* _Work task_
Within the entries below, output exactly the lines between the line containing "Make Art - Flyer." and the line containing "Эта спортивная, дышащая", inclusive, and omit any picture.

>>

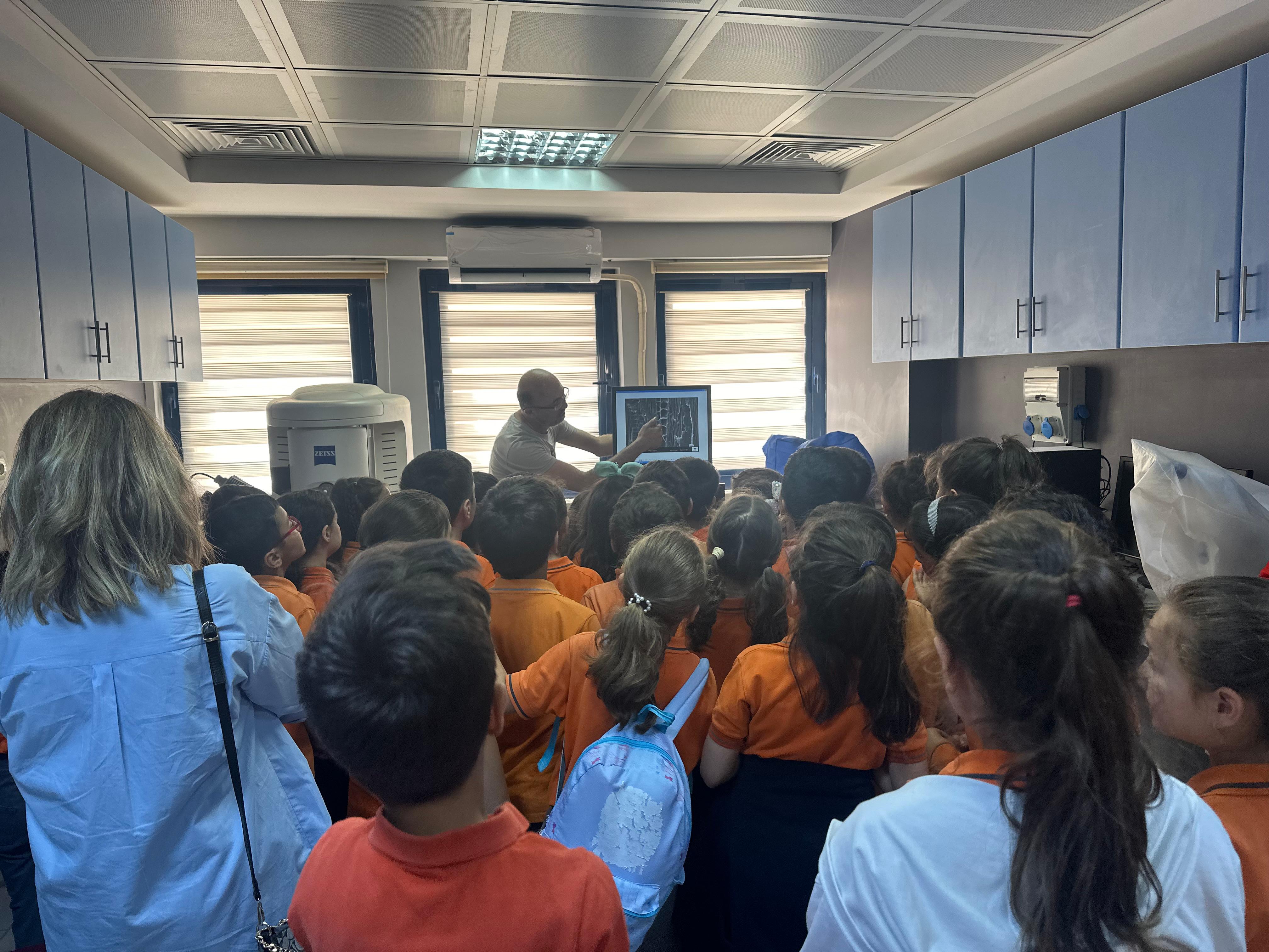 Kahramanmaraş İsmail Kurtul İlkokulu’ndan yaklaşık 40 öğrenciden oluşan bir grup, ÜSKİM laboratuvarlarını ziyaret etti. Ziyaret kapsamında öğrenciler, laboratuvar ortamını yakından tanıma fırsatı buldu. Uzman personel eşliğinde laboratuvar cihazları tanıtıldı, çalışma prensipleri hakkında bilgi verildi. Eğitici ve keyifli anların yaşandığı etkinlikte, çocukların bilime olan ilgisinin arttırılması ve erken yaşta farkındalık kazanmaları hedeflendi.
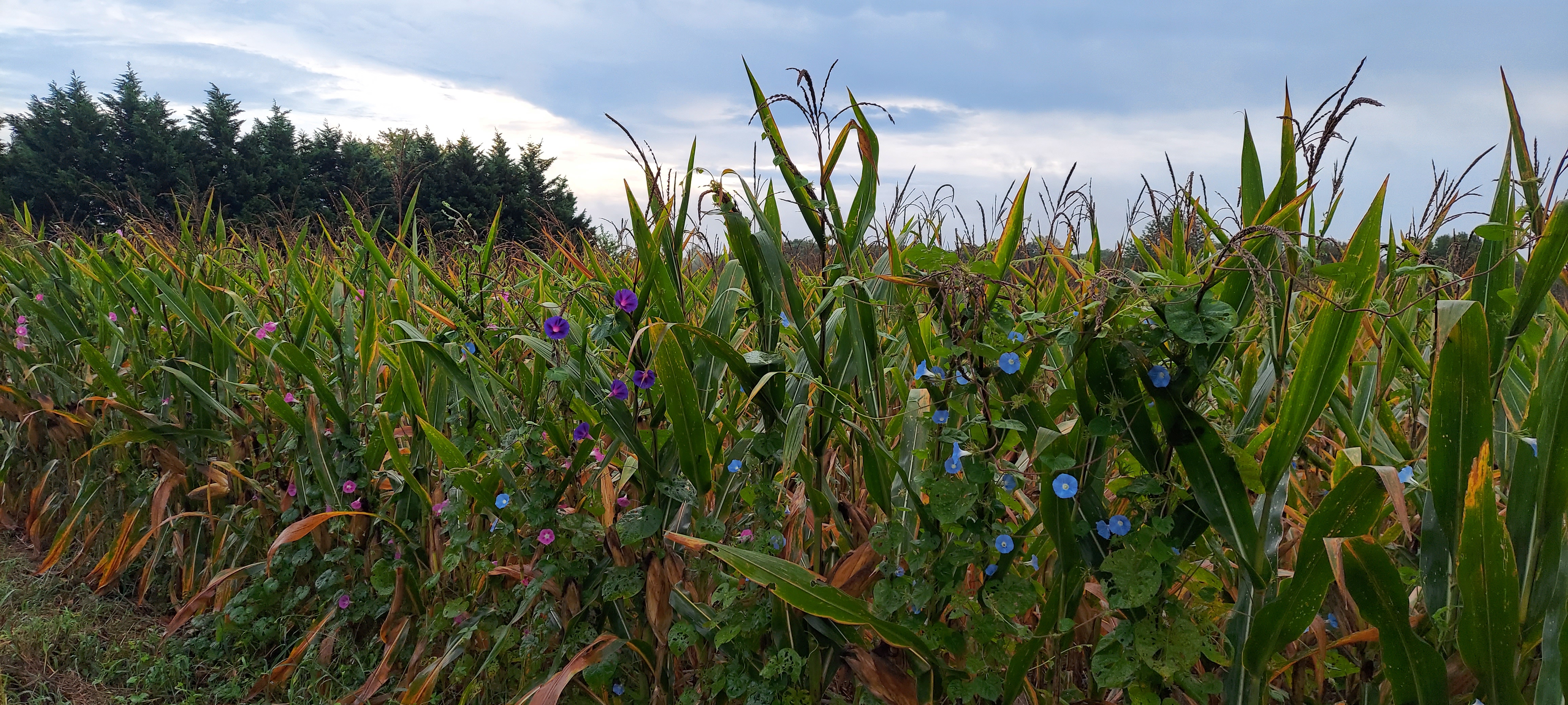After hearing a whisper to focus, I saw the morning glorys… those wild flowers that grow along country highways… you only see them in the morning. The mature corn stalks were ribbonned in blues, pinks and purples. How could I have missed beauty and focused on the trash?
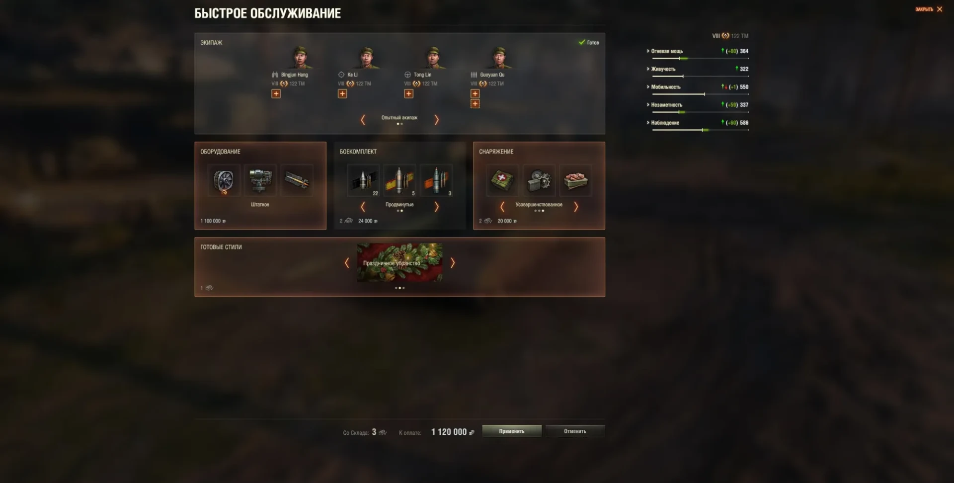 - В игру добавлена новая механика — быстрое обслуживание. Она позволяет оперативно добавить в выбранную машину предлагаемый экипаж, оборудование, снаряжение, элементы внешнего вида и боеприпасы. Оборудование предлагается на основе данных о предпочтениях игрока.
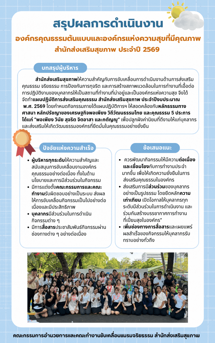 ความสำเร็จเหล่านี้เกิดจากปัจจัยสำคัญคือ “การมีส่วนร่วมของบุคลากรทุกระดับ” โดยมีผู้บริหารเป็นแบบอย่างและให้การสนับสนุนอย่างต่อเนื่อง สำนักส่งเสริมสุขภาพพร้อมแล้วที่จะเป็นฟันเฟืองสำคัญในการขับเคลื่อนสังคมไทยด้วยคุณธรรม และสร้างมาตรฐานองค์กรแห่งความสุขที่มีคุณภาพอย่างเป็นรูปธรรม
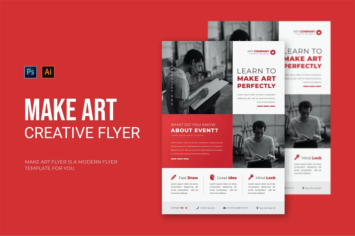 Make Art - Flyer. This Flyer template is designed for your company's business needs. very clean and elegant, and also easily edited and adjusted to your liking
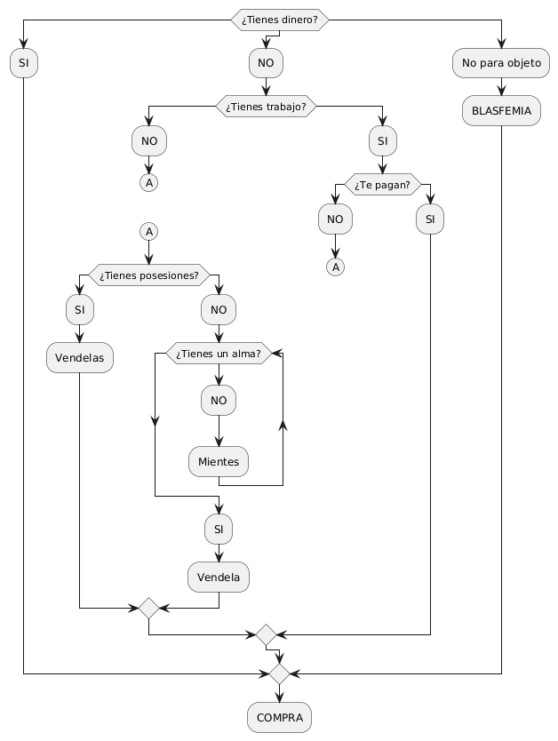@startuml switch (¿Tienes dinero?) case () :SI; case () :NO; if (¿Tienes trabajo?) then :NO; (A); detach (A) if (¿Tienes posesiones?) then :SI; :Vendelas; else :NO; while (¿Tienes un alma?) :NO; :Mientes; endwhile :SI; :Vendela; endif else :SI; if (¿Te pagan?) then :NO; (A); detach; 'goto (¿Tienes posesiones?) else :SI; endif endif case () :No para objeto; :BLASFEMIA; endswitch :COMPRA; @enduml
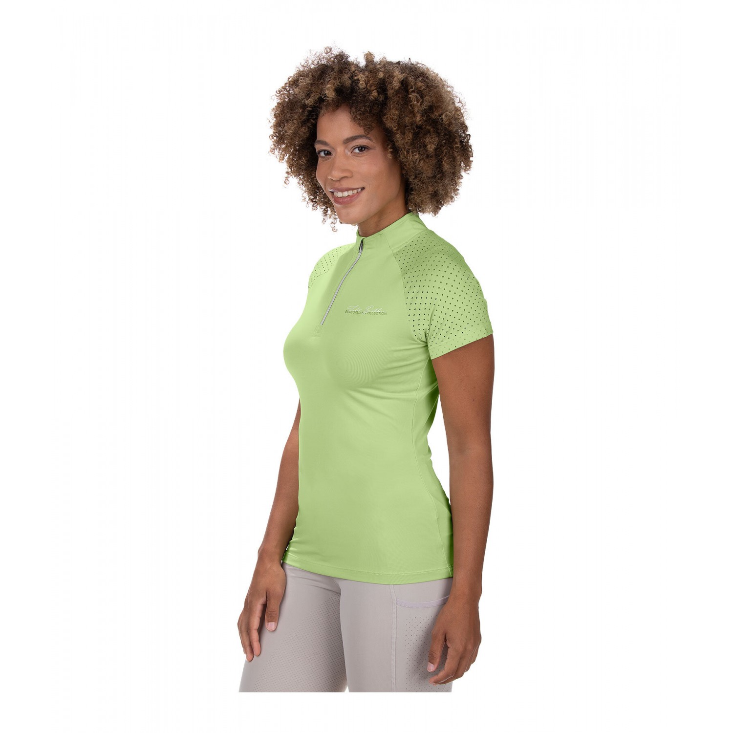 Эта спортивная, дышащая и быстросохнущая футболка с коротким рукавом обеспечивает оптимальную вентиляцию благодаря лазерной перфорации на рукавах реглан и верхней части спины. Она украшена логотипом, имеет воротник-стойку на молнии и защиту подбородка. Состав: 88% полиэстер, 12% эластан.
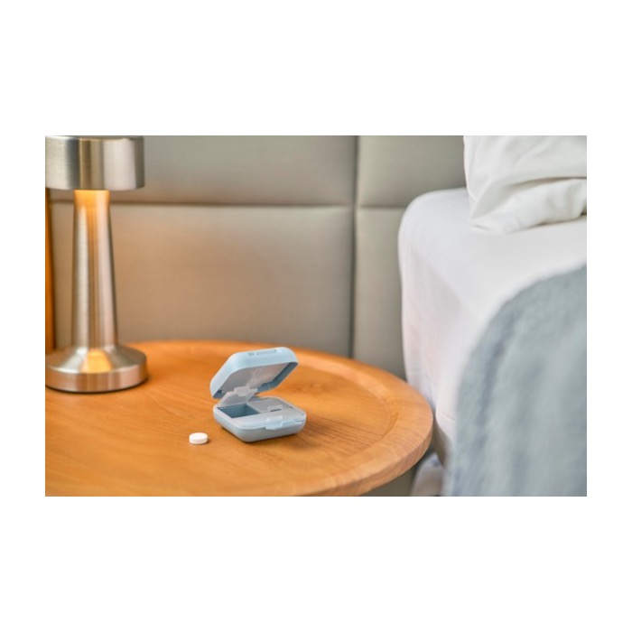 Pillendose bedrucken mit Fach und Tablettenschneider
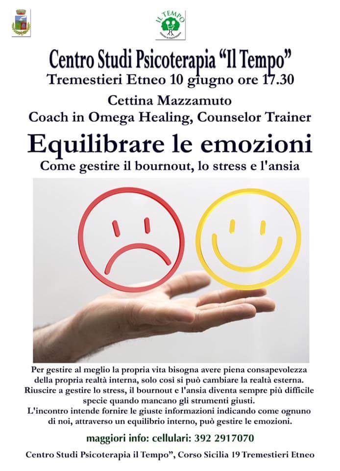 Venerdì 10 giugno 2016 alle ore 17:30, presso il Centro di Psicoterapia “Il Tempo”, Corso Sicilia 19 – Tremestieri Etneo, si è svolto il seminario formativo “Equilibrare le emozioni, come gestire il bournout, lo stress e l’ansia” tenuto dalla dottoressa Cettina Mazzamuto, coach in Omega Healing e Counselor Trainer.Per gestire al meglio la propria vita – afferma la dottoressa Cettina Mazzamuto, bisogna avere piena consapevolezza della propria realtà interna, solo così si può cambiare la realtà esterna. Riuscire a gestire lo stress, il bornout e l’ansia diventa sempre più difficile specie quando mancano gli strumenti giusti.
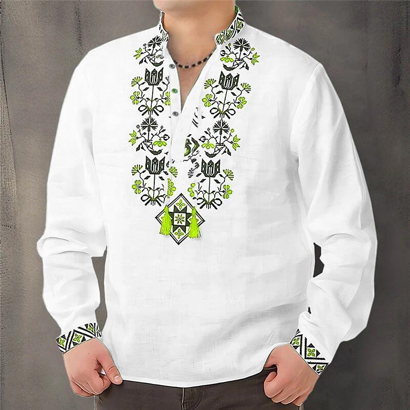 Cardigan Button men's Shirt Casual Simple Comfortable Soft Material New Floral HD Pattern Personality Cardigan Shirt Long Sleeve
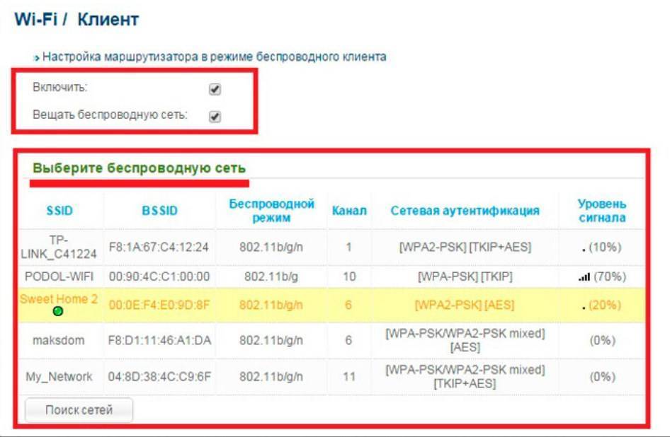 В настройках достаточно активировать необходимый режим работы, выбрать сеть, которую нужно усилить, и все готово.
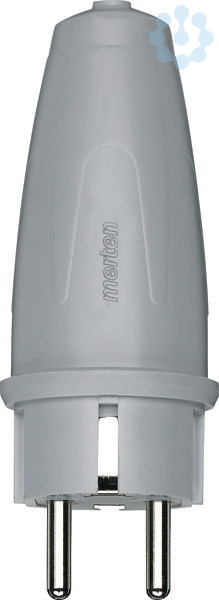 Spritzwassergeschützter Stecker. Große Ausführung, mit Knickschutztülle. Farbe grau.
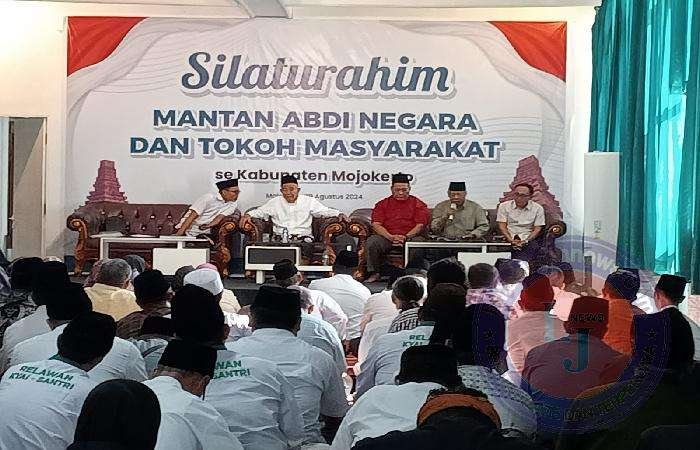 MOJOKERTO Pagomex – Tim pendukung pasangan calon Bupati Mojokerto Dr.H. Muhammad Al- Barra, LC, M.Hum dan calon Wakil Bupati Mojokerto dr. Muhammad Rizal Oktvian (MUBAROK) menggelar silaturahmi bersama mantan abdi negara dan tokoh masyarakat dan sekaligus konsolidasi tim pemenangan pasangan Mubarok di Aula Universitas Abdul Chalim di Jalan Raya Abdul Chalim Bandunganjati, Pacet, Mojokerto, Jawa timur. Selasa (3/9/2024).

<<

* _Exercise solution_
 Make Art - Flyer. This Flyer template is designed for your company's business needs. very clean and elegant, and also easily edited and adjusted to your liking
@startuml switch (¿Tienes dinero?) case () :SI; case () :NO; if (¿Tienes trabajo?) then :NO; (A); detach (A) if (¿Tienes posesiones?) then :SI; :Vendelas; else :NO; while (¿Tienes un alma?) :NO; :Mientes; endwhile :SI; :Vendela; endif else :SI; if (¿Te pagan?) then :NO; (A); detach; 'goto (¿Tienes posesiones?) else :SI; endif endif case () :No para objeto; :BLASFEMIA; endswitch :COMPRA; @enduml
 Эта спортивная, дышащая и быстросохнущая футболка с коротким рукавом обеспечивает оптимальную вентиляцию благодаря лазерной перфорации на рукавах реглан и верхней части спины. Она украшена логотипом, имеет воротник-стойку на молнии и защиту подбородка. Состав: 88% полиэстер, 12% эластан.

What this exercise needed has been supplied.